На этих словах рыхлые щеки тетушки Мюриель (которая, как помнил Франц, так и осталась старой девой) слегка покраснели. Франц содрогнулся от отвращения.

– Спасибо, Мюриель, – ответила мать, откладывая ложку в сторону; поговорка «аппетит приходит во время еды» с Делайлой не срабатывала. – Я подумаю над твоим предложением.

«Нет! – вскричал про себя Франц. – Только не это!»

– Отлично. Рада, что мы нашли взаимопонимание.

По рябому лицу Мюриель расплылась довольная ухмылка.

Весь завтрак Франциск едва сдерживался, чтобы не выбежать из-за стола, – ведь тогда у тетки появился бы повод наказать племянника. Он не должен был поддаваться на ее уловки. «Чертова Мюриель… ненавижу!» – скрежетал про себя Франц, с неистовством черпая овсянку. Он раздумывал о коварной мести… Всякий раз, когда тетка называла его лоботрясом, хамом и невеждой, Франц воображал, как прокрадывается к тетке в спальню и привязывает ее волосы к столбику кровати… кромсает ножницами рюшчатую шляпку… подливает в чай воду из уборной…

Наконец принесли поднос с чашками. Увлекшись последней фантазией, Франц сделал первый глоток и чуть не поперхнулся.

«Что за ерунда?»

Коричневая жидкость в чашке была странной. По виду – чай, но вот вкус… Франц поднял взгляд: тетушка Мюриель прихлебывала из своей чашки без каких-либо проблем, лицо миссис Фармер не выражало большего неудовольствия, чем обычно.

– Эм…

На него не обратили внимания.

– А можно… Можно мне другой чай?

Губы миссис Фармер слегка дернулись, но глаза остались холодны и мертвы.

– Нет, – отрезала она и отвернулась.

Франц еще раз втянул ноздрями запах и наконец узнал его.

Лекарства.

По-видимому, тетушка была в курсе: ее лицо расплылось в ухмылке.
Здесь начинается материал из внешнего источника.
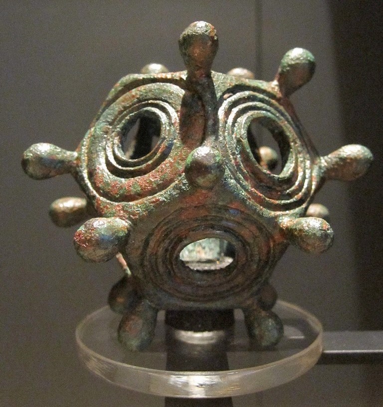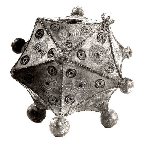 Были такие ребята – пифагорейцы. Были они примерно в районе Древней Греции, ну слышали, наверное. Так вот думали они, думали и пришли к выводу, что мир состоит всего из нескольких основных элементов – огонь, вода, земля, воздух и… эфир. Причём каждый из этих элементов в их остроумной гипотезе символизировала какая-то объёмная фигура – тетраэдр, октаэдр, икосаэдр, куб. Последний элемент – эфир символизировал додекаэдр, то есть двенадцатигранник. А Платон (или Сократ?) говаривал ещё, что мол земля похожа на шар, сшитый из двенадцати кусков кожи. А мячи для футбола тоже одно время шили… впрочем, это я так, к слову. Так вот этот самый двенадцатигранник пифагорейцы всерьёз считали священной фигурой. Может из-за того, что знаков зодиака тоже двенадцать. В общем число двенадцать встречается сплошь и рядом, где ни попадя, куда не ткнись, где надо и где … ну и тд. А ещё двенадцатигранники, сделанные из бронзы и не из бронзы находят археологи. А в каждой грани по дырочке, а на каждом углу по пупырышку. Вот такая СТРАННАЯ ШТУЧКА.

Мать уже давно ничего не подмешивала в еду Франца, и он было расслабился, но сейчас…

Все из-за переезда.

«Она боится, что я выкину что-нибудь еще, – подумал Франц. – И Мюриель нас выставит».

Что это были за препараты, Франц не знал. Иногда к ним заезжал доктор, и после его визитов на столике матери оставались бутыльки. А затем еда и питье Франца приобретали странный запах. Мать делала вид, что ничего не происходит – хотела, чтобы все казалось нормальным.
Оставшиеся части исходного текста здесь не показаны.